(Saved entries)
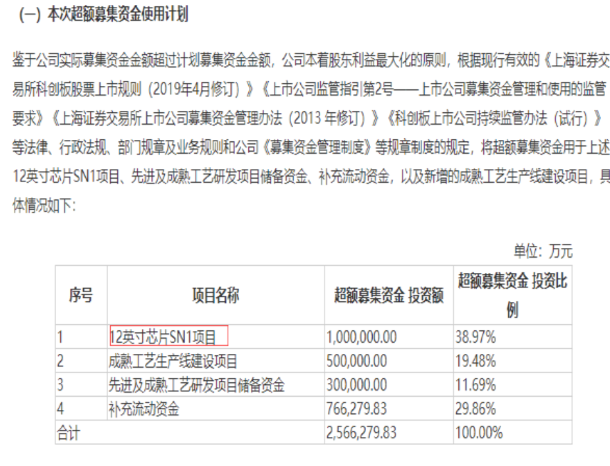 在公布业绩报告的同时,中芯国际还公告首次公开发行股票超额募集资金256.6亿元,将用于12英寸芯片SN1项目、成熟工艺生产线建设项目、先进及成熟工艺研发项目储备资金以及补充流动资金。在芯片产业界人士看来,28纳米是先进制程与成熟制程的技术分水岭。目前,内地仅中芯国际一家具备28纳米及以下的制造能力,已量产的最新技术为14纳米。
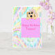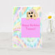 Adorable perro de niñita con una señal de primer cumpleaños e invitación en un paisaje de fondo de burbuja.
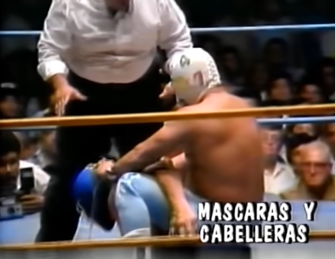 EHDS is a bit of a jerk about it, and he runs All Star face first into the ring post and goes right back to the camel clutch. The crowd let him have it. “YOUR DAD WAS BETTER!” “YOUR MASK IS TOO SHINY” “THOSE TIGHTS MAKE YOU LOOK STUPID!” He then sandbags All Star, and the result is an ugly half powerbomb that is fantastic. All Star is bleeding through his mask, but it hasn’t dulled his appetite for doing stupid dives. He cannot stop throwing himself over/through the ropes onto concrete. He lands harshly and lies there bleeding, and the referee counts him out. The crowd are HOT about it, and it looks as if a riot is about to break out. I was under the impression El Hijo del Santo was a babyface here, but they fucking loathe him. As for the match; it’s entirely pointless until the latter stages but boy, does it get HEATED when it does get going.
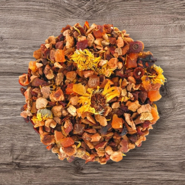 Morceaux de pomme, morceaux de poire, morceaux d’abricot, cynorrhodon, feuilles de souci, arômes naturels.
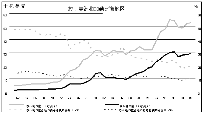37. 不同的发展中国家地区农业贸易的情况差异极大。特别是在二十世纪九十年代中期前后,拉丁美洲和加勒比海地区扩大了农业贸易顺差。在这期间,亚洲和太平洋地区变成了农业纯进口国,而近东和北非巨大的结构性逆差尚无减少的迹象。
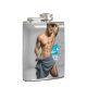 SlipperyJoe's Man towel broken white brick wall ba Hip Flask
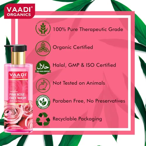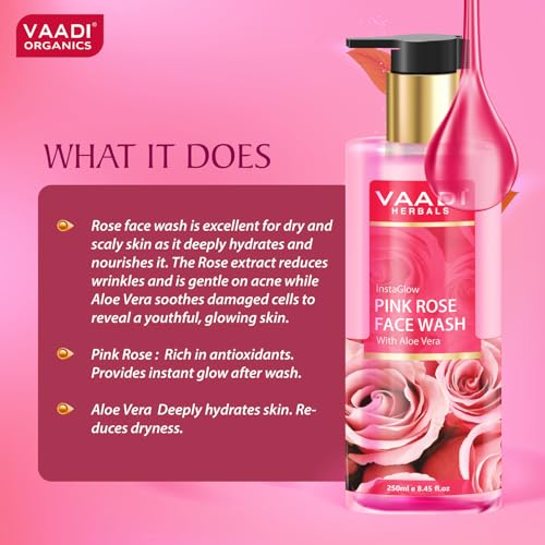 Vaadi Herbals Pvt Ltd Insta Glow Pink Rose Face Wash With Aloe Vera Extract, 250 Ml (Pack Of 2)
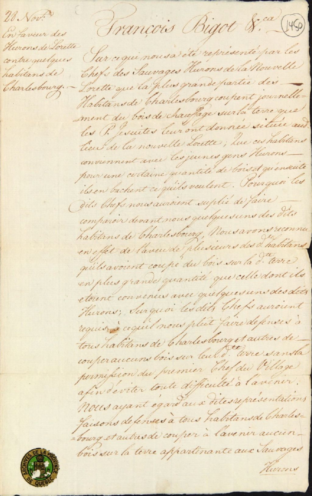 Ordonnance de l'intendant Bigot en faveur des Hurons (Amérindiens) de la Nouvelle-Lorette, contre quelques habitants de Charlesbourg qui allaient bûcher du bois dur le terrain donné aux Hurons par les Jésuites, 28 novembre 1748, Archives nationales à Québec, Fonds Ministère des Terres et Forêts, (03Q,E21,S64,SS5,SSS6,D1450).
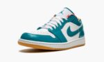 The Air Jordan 1 Low ‘Barcelona’ is a colorway of Michael Jordan’s first signature shoe in the low-top style that draws design inspiration from a sweater that Jordan wore during the ’92 Summer Olympics in Barcelona. The ‘Barcelona’ is dressed in a two-tone, white-and-Cyber Teal upper with white leather on the perforated toe and mid-panel. The overlays and Swoosh appear in glossy Cyber Teal-colored leather for a distinctive, ’90s-esque look. White ‘Wings’ branding is embroidered on the heel and a Cyber Teal Jumpman can be found on the white nylon tongue. The inner lining of both the left and right shoe feature a ‘Barcelona’ inspired motif similar to the abstract tribal pattern found on the apparel that Jordan wore at the 1992 Olympics.
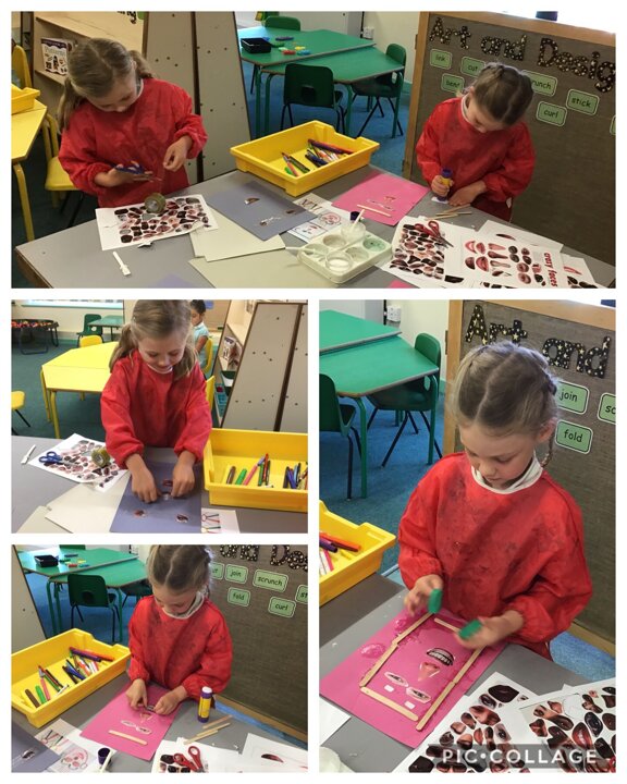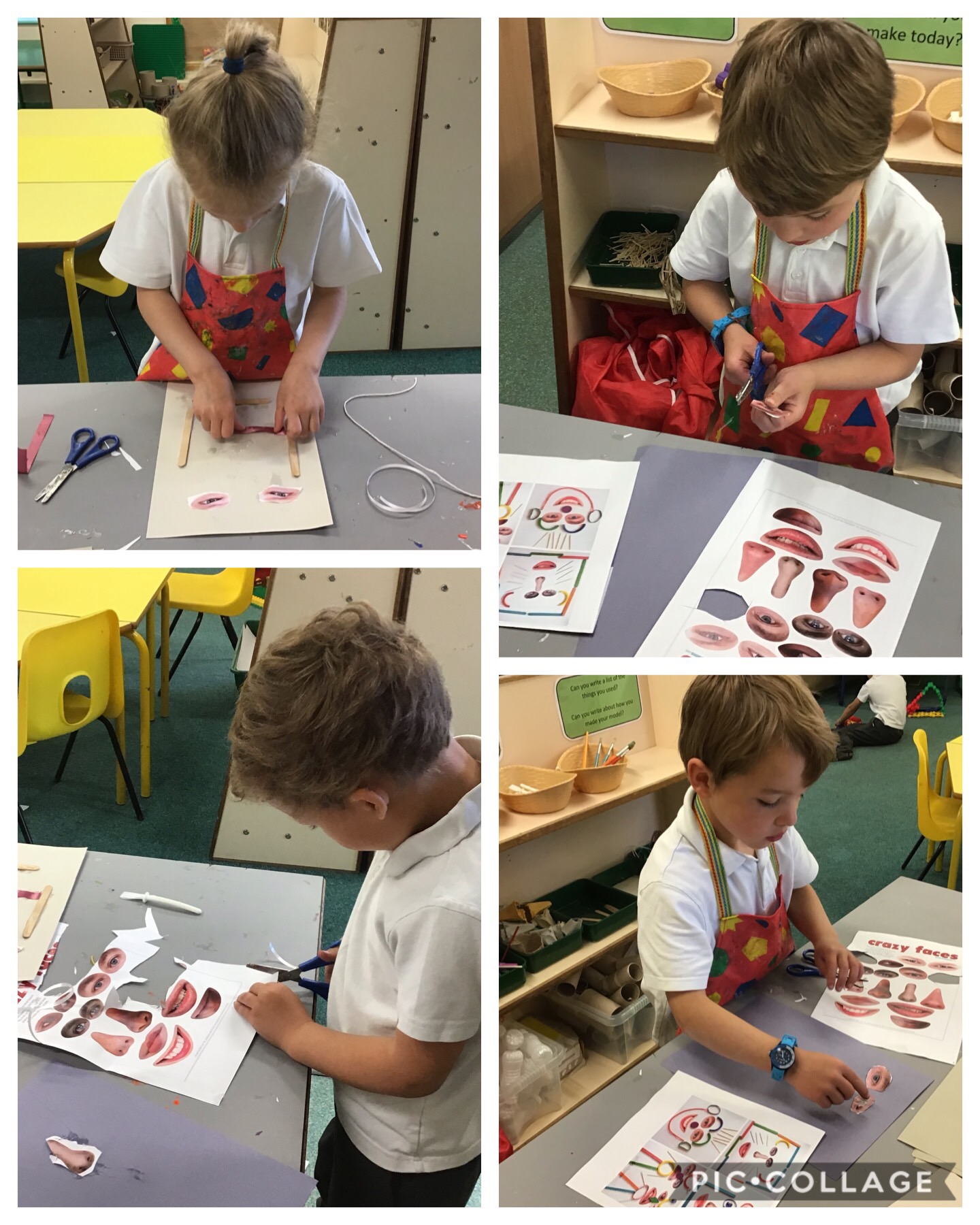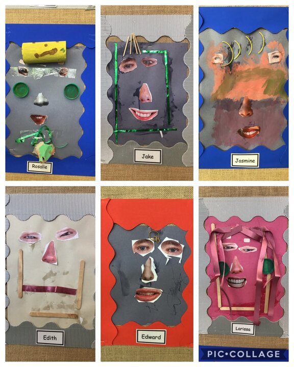 In the Design Area we had a go at making our own Emotions Portraits using lots of different materials and cutting out real facial features. We noticed that when you turn a smile upside down it made the face look sad and sometimes angry.

= Problem requirements =
Output only the lines above from the line that holds "37. 不同的发展中国家地区" through the line that holds "Vaadi Herbals Pvt", both ends included, and exclude pictures.

= Answer section =
37. 不同的发展中国家地区农业贸易的情况差异极大。特别是在二十世纪九十年代中期前后,拉丁美洲和加勒比海地区扩大了农业贸易顺差。在这期间,亚洲和太平洋地区变成了农业纯进口国,而近东和北非巨大的结构性逆差尚无减少的迹象。
 SlipperyJoe's Man towel broken white brick wall ba Hip Flask
 Vaadi Herbals Pvt Ltd Insta Glow Pink Rose Face Wash With Aloe Vera Extract, 250 Ml (Pack Of 2)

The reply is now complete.